Zombies, in fact, are quite real. A practice originated in Haiti and now carried out in other parts of the Caribbean as one of the consequences of diaspora, zombification is quite arguably a fate worse than death. It is, in Bizango1 society, a way of handling criminals. If we didn’t have that pesky “cruel and unusual punishment” clause in our Constitution, you can be sure government would look into its application to highly recidivistic criminals. I’m positive that more than one world military has actually looked into this possibility of a sort of processed zombification - it would be quite the diplomatic work around to zombify troublesome international leaders, rather than killing them outright.
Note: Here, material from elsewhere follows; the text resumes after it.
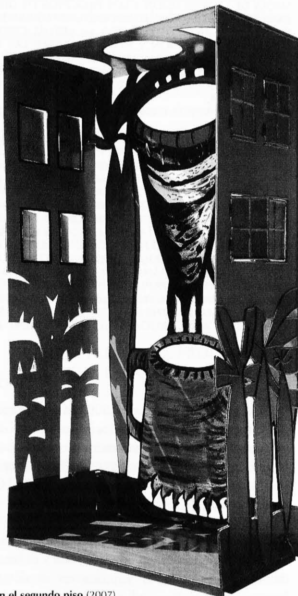
(Derecha) Colada en el segundo piso (2007) Acero negro y esmalte, 280 x 150 x 80 cm
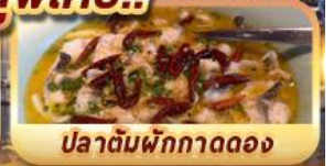
ปลาต้มพริกทอดดอง

A book review of Passage of Darkness: The Ethnobiology of the Haitian Zombie explores loosely the ethnobiological possibilities of zombification. Initially it was believed to come from a toxin inherent in puffer-fish. However, given the actual effects of scopolamine - watch this documentary on it - I suspect perhaps that Devil’s Weed was the drug actually used, possibly in combination with other drugs, but that hell was going to freeze over before it was handed off to someone researching and publishing a how-to on zombification.
Years ago I watched or read a National Geographic documentary about a village in Africa where zombification was a rampant problem; it belies the things I’m finding online about zombies being “rare.” There were several images of real live zombies - zombies that had been returned to families. All too often young girls were zombified to cover up a rape, and there was a neurologist in the US who had made a major breakthrough in getting the zombies to lift their heads and to respond to their own names. I can’t find that particular piece of information anywhere, unfortunately. If someone spots it, let me know.
References- Bizango is an underground Haitian cult. There is very little published on them. [↩]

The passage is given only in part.